= WORK ITEM =
Copy out exactly the stretch below, from the line with "Новый кошелек в" through the line with "La cuisine de", both included; the pictures stay out.

= AVAILABLE RECORDS =
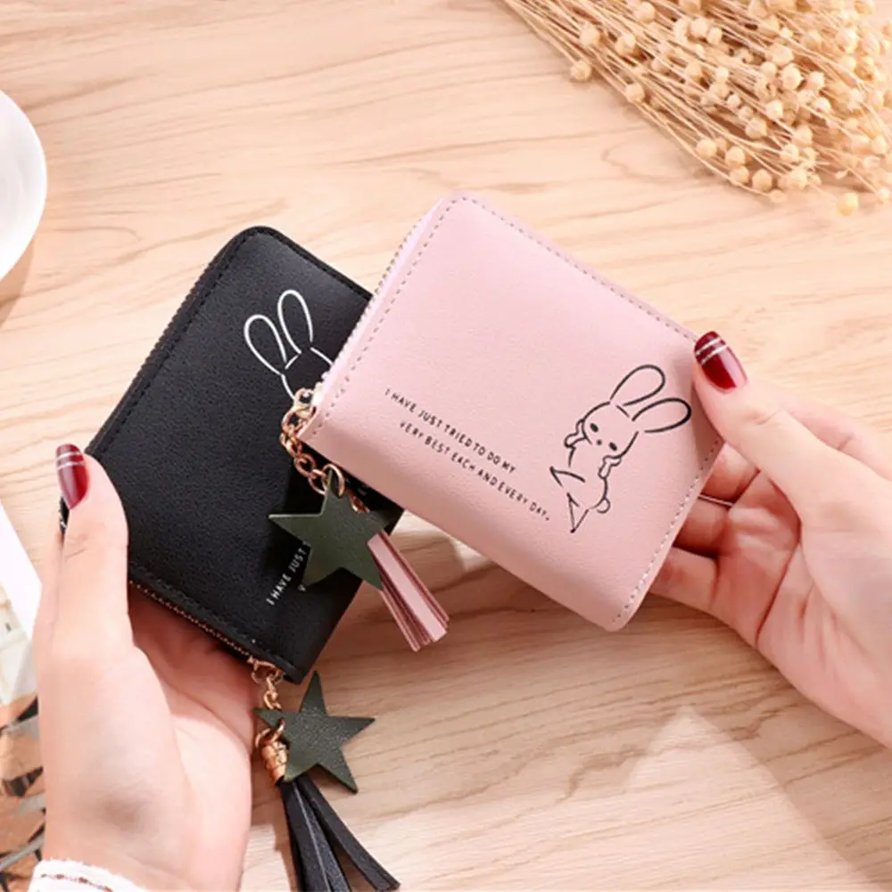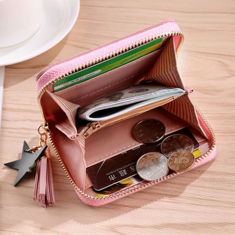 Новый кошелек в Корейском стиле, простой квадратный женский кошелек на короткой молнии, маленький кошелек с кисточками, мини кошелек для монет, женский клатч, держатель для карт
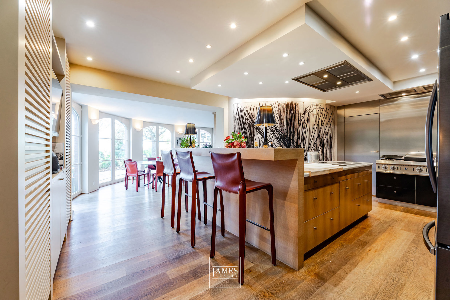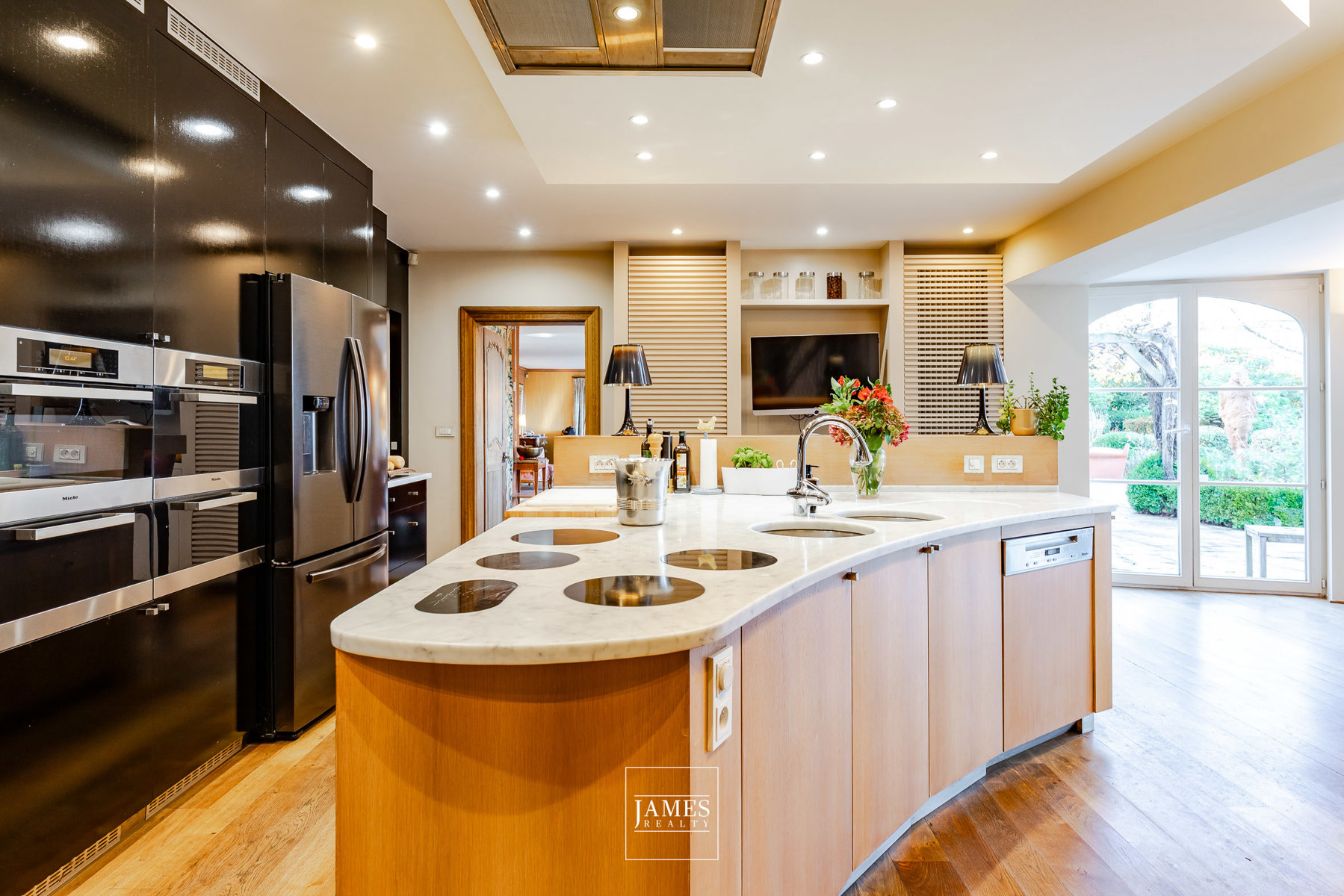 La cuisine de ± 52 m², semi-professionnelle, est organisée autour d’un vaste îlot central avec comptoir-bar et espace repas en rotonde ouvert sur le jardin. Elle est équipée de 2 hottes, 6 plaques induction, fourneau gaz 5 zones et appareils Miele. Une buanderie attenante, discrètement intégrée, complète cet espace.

==

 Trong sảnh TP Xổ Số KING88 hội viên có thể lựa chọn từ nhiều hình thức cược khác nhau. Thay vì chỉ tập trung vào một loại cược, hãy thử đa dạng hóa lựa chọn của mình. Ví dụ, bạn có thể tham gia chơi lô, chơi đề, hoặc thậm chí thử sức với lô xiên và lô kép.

==

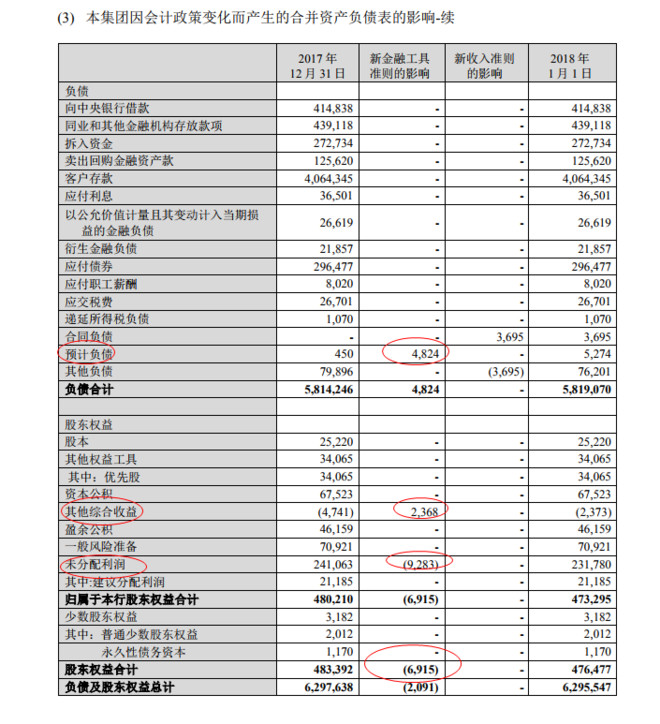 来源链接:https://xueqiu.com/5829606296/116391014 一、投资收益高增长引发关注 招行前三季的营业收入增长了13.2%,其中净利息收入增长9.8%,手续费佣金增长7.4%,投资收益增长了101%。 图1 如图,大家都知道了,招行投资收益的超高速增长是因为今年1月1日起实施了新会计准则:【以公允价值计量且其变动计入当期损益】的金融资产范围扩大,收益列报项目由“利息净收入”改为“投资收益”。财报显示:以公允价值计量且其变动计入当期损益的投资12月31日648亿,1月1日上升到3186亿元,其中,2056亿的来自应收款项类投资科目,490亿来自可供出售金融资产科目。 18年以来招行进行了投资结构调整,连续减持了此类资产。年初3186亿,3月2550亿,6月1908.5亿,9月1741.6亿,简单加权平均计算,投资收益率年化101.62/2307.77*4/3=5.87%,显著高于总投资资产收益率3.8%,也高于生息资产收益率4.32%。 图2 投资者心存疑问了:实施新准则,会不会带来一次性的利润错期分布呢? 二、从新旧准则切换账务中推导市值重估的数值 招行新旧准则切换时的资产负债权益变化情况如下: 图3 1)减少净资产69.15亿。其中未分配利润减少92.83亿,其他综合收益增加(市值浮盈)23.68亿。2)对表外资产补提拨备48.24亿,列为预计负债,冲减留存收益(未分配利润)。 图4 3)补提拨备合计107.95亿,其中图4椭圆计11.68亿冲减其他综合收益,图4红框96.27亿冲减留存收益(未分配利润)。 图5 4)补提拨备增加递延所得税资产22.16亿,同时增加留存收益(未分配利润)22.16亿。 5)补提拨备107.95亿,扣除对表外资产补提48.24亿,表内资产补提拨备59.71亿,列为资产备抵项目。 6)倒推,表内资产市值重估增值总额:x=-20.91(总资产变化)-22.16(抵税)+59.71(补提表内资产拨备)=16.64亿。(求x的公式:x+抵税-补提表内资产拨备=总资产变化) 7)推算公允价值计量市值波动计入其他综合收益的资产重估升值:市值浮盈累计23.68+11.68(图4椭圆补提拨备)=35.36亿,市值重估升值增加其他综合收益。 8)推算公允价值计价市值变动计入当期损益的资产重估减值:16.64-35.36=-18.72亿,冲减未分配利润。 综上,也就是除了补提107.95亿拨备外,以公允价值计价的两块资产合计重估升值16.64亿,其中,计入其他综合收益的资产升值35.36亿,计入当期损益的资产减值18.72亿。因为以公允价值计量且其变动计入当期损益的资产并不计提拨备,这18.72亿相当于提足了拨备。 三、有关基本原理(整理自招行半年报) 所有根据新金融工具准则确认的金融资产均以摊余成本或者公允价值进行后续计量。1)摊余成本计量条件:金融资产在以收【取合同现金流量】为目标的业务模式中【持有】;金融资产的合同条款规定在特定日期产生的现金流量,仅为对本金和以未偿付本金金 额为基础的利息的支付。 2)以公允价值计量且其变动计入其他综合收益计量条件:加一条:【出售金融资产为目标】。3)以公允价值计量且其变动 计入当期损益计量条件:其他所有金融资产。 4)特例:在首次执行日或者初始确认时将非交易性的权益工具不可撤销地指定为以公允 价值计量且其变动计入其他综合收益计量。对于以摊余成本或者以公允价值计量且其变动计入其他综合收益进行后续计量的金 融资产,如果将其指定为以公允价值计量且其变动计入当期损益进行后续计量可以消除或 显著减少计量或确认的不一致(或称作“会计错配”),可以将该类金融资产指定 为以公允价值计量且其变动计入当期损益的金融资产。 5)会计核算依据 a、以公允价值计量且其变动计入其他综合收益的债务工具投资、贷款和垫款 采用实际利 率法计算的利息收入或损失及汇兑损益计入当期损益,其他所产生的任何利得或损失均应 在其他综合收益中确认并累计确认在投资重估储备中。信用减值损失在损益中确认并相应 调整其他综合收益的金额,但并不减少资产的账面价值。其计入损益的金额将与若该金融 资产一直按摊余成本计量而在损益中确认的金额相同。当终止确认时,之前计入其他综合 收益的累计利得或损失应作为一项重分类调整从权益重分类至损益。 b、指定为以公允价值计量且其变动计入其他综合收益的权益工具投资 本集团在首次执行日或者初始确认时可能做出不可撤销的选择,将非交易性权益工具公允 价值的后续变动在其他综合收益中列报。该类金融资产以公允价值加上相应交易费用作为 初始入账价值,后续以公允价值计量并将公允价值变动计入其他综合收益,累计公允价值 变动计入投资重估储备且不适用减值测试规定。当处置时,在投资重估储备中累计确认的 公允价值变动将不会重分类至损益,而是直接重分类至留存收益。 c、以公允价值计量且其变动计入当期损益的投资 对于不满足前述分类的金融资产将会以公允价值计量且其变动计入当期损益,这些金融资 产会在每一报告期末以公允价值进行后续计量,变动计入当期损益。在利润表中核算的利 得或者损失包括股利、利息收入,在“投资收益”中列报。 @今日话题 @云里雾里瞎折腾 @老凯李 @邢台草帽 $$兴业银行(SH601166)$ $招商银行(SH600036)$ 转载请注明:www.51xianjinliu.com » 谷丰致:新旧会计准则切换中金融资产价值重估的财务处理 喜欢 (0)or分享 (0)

= COMPLETED EXERCISE =
 Новый кошелек в Корейском стиле, простой квадратный женский кошелек на короткой молнии, маленький кошелек с кисточками, мини кошелек для монет, женский клатч, держатель для карт
 La cuisine de ± 52 m², semi-professionnelle, est organisée autour d’un vaste îlot central avec comptoir-bar et espace repas en rotonde ouvert sur le jardin. Elle est équipée de 2 hottes, 6 plaques induction, fourneau gaz 5 zones et appareils Miele. Une buanderie attenante, discrètement intégrée, complète cet espace.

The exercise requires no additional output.